I think more work is needed before I can move it to production, which is why I've accepted plain-jane Ethernet.

Speaking of which, does anyone have reference sheets for programming these chipsets? I'd like to review the implementations. Or is the only option to refer to the mini-CD's source (for Linux) provided by the manufacturer?


----------



## christhegeek (May 9, 2019)

I have tested streaming video and downloading(for many days/nights) and other adapters may have problems with that stop working or something this was the most trustworthy and i have tested a hell out of wifi adapters .




SubarcticDarner said:


> EDIMAX's RTL8812AU version has issues (for me). Whenever I performed an rsync to a remote file server, the interface would lock up and I'd be forced to reboot. Allegedly, -rxcsum and -rxcsum6 would do the trick but it didn't work for me. Also, the IEEE80211 stack seems to throw some errors. But it certainly was a reprieve from the issues of the RTL8192CUS implementation. Then again, it keeps causing my lagg(4) port to choke at times.
> 
> I think more work is needed before I can move it to production, which is why I've accepted plain-jane Ethernet.
> 
> Speaking of which, does anyone have reference sheets for programming these chipsets? I'd like to review the implementations. Or is the only option to refer to the mini-CD's source (for Linux) provided by the manufacturer?


----------



## SubarcticDarner (May 15, 2019)

christhegeek said:


> I have tested streaming video and downloading(for many days/nights) and other adapters may have problems with that stop working or something this was the most trustworthy and i have tested a hell out of wifi adapters .

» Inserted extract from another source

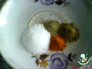 Соединить приправы и соль(я положила по пол чайной ложки приправ и чайная ложка соли), обсыпать мясо с обеих сторон и отложить на минут 15.
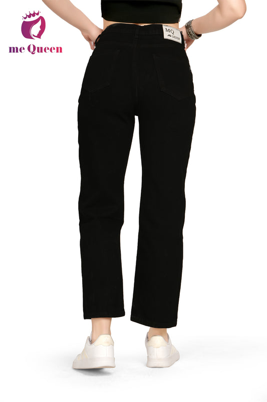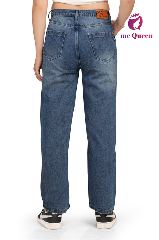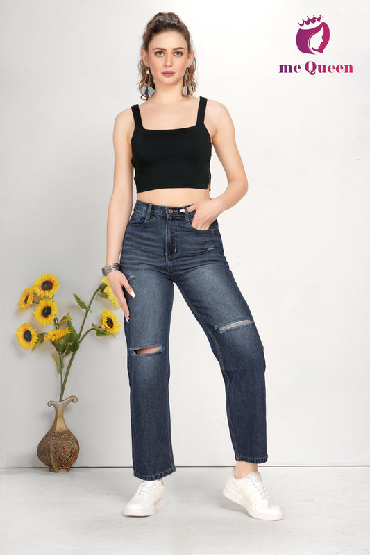 MeQueen Women's Knee Slit Dark Blue Color Jeans

May I know which FreeBSD version you're having such success? My issue, with my adapter, is seen on FreeBSD 12.0-RELEASE-p3.

Also, do you have a link to a blog/article for "testing" these adapters? I've done just simple ICMP-echo - 100x and HTTP GET for files of sized 1M, 10M, 100M, and 1000M. In OpenBSD, tcpbench comes standard; would I have to learn how to use netperf?


----------



## scottro (May 15, 2019)

I had ordered a DLink adapter, FreeBSD didn't even see it.  :-(.  



			https://www.amazon.com/gp/product/B00CL58JYQ/ref=ppx_yo_dt_b_search_asin_title?ie=UTF8&psc=1


----------



## SubarcticDarner (May 15, 2019)

scottro said:


> I had ordered a DLink adapter, FreeBSD didn't even see it.  :-(.
> 
> 
> 
> https://www.amazon.com/gp/product/B00CL58JYQ/ref=ppx_yo_dt_b_search_asin_title?ie=UTF8&psc=1


I'd review the `VID:PID` of the device; it may not be in the probe list, https://wikidevi.com/wiki/D-Link_DWA-171_rev_A1
FreeBSD/12.0-REL usbdevs


----------